Topics related to Mechanical Enterprise, Motion, Additive Print and more.

How to extract by scripting all the element faces of the mesh inside a surface

    • raruizma1
      Subscriber

      The final goal is to asign one force to each element face. Obtaining the list of the element faces inside a surface will help to the process. The first trial was to loop through all the elements, but it required a lot of time to compute.

      Thank you very much,

      Rafael Ruiz Maestre

    • Matthew Middleton
      Ansys Employee

       

      Do you want to get all elements inside a body, such as a cutout feature inside a body?

      Or do you just want elements or faces attached to a face?

      If it is the latter, you will need the ID of the face, or else place the face in a named selection first, then your script can get the entities in the named selection, which would be the .Entities under the named selection object. To query an ID, select the face, and use ExtAPI.SelectionManager.CurrentSelection.

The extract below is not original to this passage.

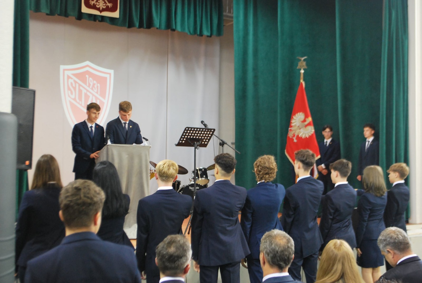 Pan dyrektor wygłosił słowa przywitania, życząc całej społeczności Śl.TZN pomyślności w nauce i pracy. Przedstawiciele klas I złożyli uroczyste ślubowanie. A na „dobry start” w części artystycznej wystąpił zespół muzyczny naszych absolwentów.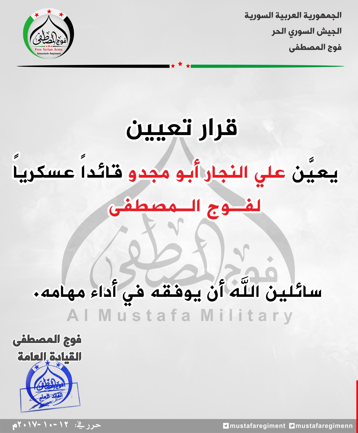 قرار من فوج المصطفى بتعين علي النجار قائداً عسكرياً للفوج

      Once you have the python face object, you can get its mesh nodes with this method:

      mesh = ExtAPI.DataModel.MeshDataByName(‘Global’)
      nodeIds = []
      for geoId in face_Ids:
          nodeIds.extend(mesh.MeshRegionById(geoId).NodeIds)

      Similarly, you can get the attach elements with:
      mesh.MeshRegionById(geoId).ElementIds

      If you leave out the “Ids” after NodeIds or ElementIds, you can get the python node or element objects which have things underneath, such as the node X,Y,Z locations. If the geometry is a surface body the elements you get will be shell elements. Otherwise, for solid bodies, the elements will be volume elements.

      To get the faces of solid elements on the selection, you can use:
      mesh.MeshRegionById(geoId).GetFaces()
      It will return a list, of which the second index in the list is another list containing the nodes of the faces. Each element will have its corner nodes and midside nodes listed in order of each element. So for a quad element with midside nodes, the first 8 nodes are for the first element, and for each face the corner nodes are listed before the midside nodes. The only thing it doesn’t delineate is quad faces from tri faces. You can use different methods if you know you will have mixed face types: GetQuad4ExteriorFaces(), GetQuad8ExteriorFaces(), GetTri3ExteriorFaces(), GetTri6ExteriorFaces().

      Using element faces is probematic. Most loads in Mechanical are applied to the nodes, or it creates overlain surface elements, but it does not create these surface elements until it writes the solver input file, so you will not have these overlain elements in Mechanical for preprocessing. But you can get them in the results mesh, if you are plotting results. If you really want to use element faces you will need to communicate through the APDL element type (ename number) it writes for the volume elements to get the APDL face ID based on the nodes of the faces and the element definition. It gets a bit complicated and would be different for each element type, so you would have to write the python code to figure out the APDL face IDs for the specific element types you know you will have in the model. If you want to send APDL commands to create some load, all you need is the node IDs and you can use ESURF.

      Have you considered using the “External Data” to map load forces to the nodes if you intend to script a load application?